- Born: September 7, 1708 Pocotaligo, South Carolina
- Died: March 9, 1788 (aged 79) Savannah, Georgia, U.S.
- Resting place: Laurel Grove Cemetery, Savannah, Georgia, U.S.
- Spouse: Mary Williamson (–1781; her death)

= Jonathan Bryan =

American patriot

Jonathan Bryan (September 7, 1708 – March 9, 1788) was an American patriot originally from South Carolina but who moved Savannah, Georgia, where he assisted James Edward Oglethorpe in the foundation of Georgia's first colony. He also held several political offices in Georgia, and was a large landowner.

Georgia's Bryan County was named for him, while Savannah's Bryan Street was named in his and his brothers' honor.

== Life and career ==
Bryan was born in 1708 in Pocotaligo, South Carolina, to Joseph Bryan and Janet Cochran. His brothers were middle son Hugh and the oldest Joseph Jr. The brothers' sister was Hannah, born in 1706. Bryan's father, Joseph Sr., was an Englishman from Hereford. His mother died three weeks after his birth.

In 1779, during the Revolutionary War, he and his son were captured and imprisoned on Long Island for two years.

He served as a member of the Provincial Congress and of the Council of Safety. He was also acting vice-president and commander-in-chief of Georgia in 1777.

He was a supporter of George Whitefield, himself a supporter of slavery. Bryan's "treatment of [his] slaves with a respect ordinarily denied them may have contributed to the great success of his plantations."

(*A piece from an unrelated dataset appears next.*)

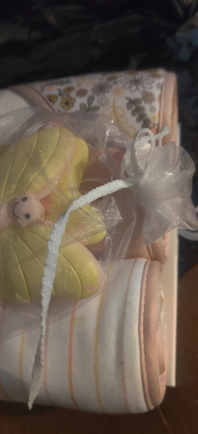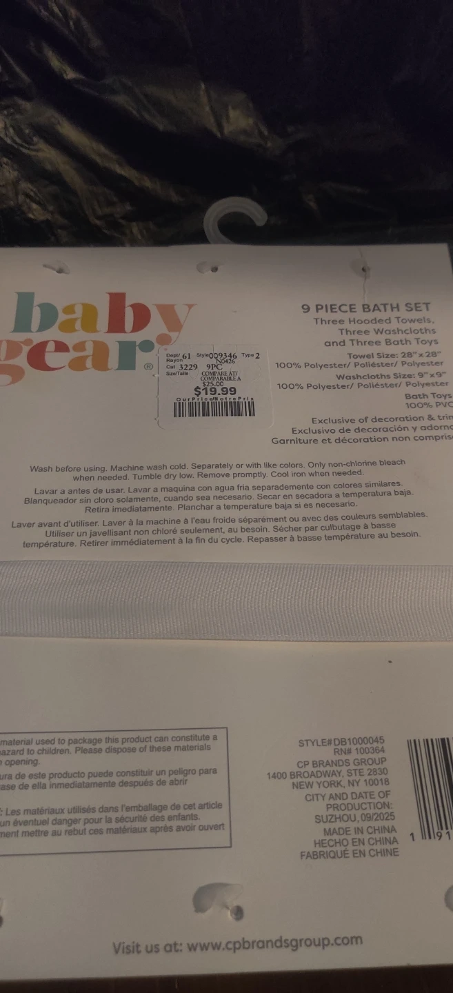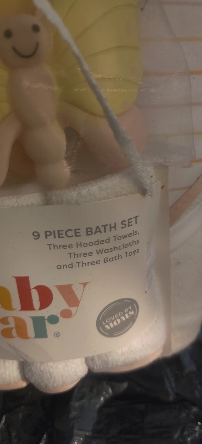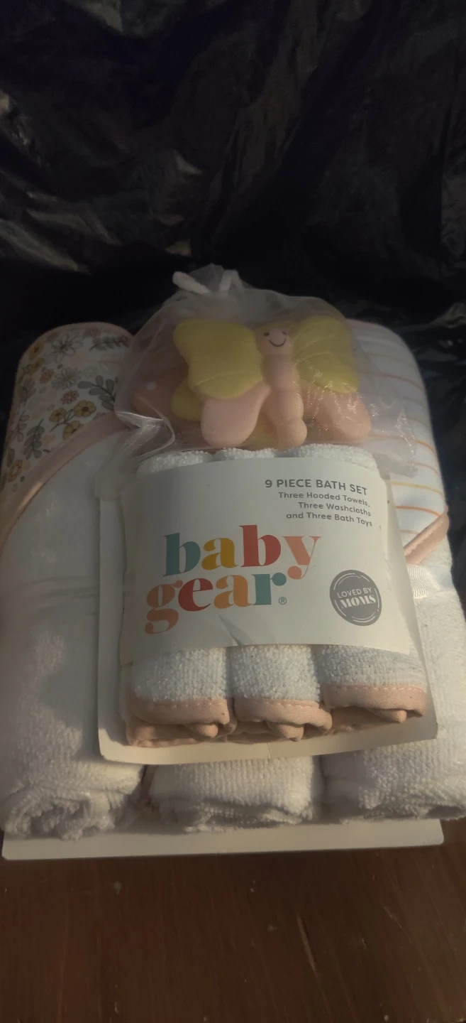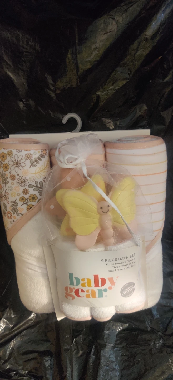 This is a 9 piece bath set from Baby Gear. It includes three hooded towels, three washcloths, and three bath toys. Bath toys include a butterfly design.

Bryan was the grandfather of Joseph Bryan.

== Death ==
Bryan died in 1788, aged 79. He was buried in the Brampton Plantation cemetery; he is entombed in a brick vault in its south-west corner, alongside his wife. During the Civil War, Union Army soldiers raided his grave, looking for valuables they believed were hidden by locals.

=== Legacy ===
Bryan Street in Savannah was named in his and his brothers' honor. Bryan County, Georgia, was named solely for him. A historical marker, erected by the Georgia Historical Society, stands in Savannah's Franklin Square, in front of the First African Baptist Church.